▶ [PROBLEM STATEMENT]:
Leaving out pictures, output exactly the lines below from the one that has "Happy & Polly" through the one that has "旁边的金地上塘道二期,一个8", and nothing else.

▶ [DATA SUPPLIED]:
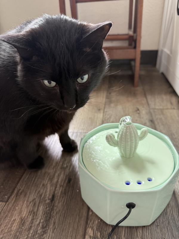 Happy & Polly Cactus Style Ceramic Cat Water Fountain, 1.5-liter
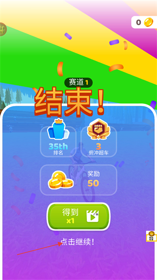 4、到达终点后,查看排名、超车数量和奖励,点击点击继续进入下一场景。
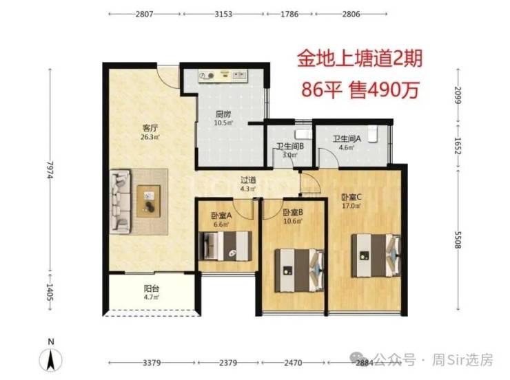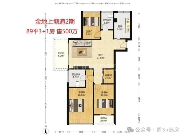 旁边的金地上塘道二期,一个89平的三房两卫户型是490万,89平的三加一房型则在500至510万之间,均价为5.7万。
---
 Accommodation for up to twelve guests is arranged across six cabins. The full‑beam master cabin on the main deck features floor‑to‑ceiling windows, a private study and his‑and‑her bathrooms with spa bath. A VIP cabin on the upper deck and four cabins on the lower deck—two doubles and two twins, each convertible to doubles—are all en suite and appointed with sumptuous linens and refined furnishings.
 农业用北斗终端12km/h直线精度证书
...
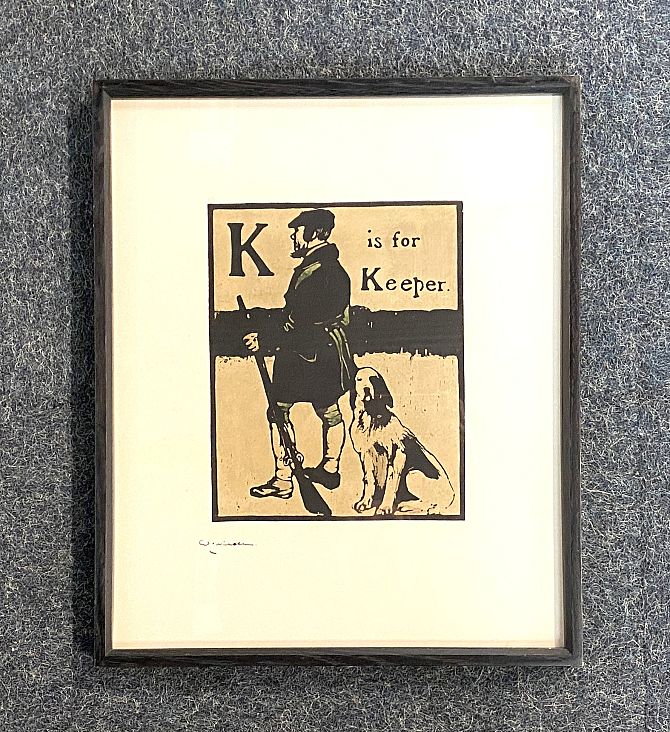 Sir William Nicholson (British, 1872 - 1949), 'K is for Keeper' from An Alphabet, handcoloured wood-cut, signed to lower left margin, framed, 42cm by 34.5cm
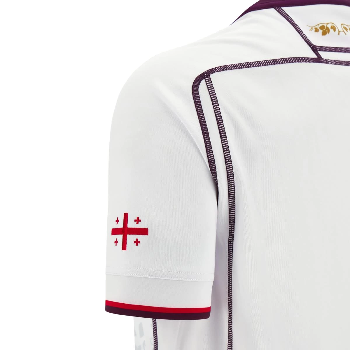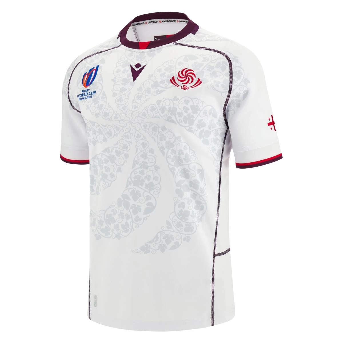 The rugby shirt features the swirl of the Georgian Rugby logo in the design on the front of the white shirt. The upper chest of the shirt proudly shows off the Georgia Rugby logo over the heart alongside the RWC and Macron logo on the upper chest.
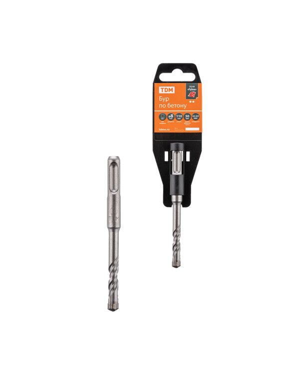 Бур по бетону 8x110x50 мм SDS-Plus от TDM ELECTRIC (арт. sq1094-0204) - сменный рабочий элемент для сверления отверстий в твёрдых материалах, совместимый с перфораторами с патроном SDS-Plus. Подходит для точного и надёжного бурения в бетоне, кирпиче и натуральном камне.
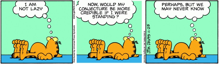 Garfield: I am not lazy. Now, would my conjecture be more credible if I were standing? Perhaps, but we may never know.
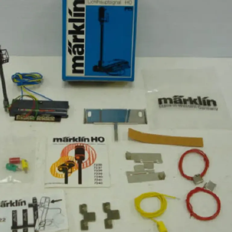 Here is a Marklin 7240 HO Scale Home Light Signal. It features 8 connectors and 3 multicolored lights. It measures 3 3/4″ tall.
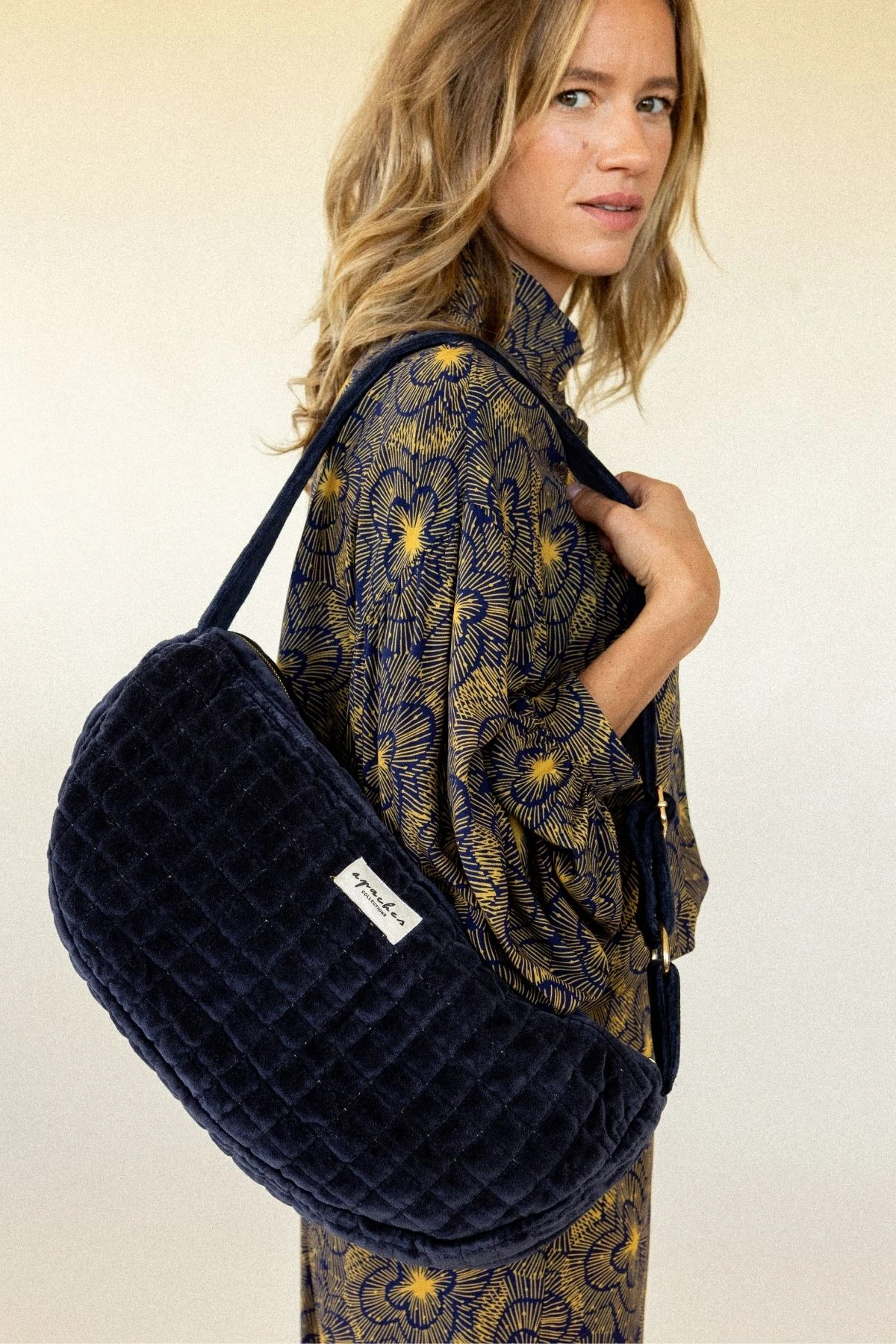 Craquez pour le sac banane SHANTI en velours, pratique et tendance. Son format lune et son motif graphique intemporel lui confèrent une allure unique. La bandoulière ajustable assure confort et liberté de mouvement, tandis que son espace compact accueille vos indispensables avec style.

▶ [SOLVED EXERCISE]:
 Happy & Polly Cactus Style Ceramic Cat Water Fountain, 1.5-liter
 4、到达终点后,查看排名、超车数量和奖励,点击点击继续进入下一场景。
 旁边的金地上塘道二期,一个89平的三房两卫户型是490万,89平的三加一房型则在500至510万之间,均价为5.7万。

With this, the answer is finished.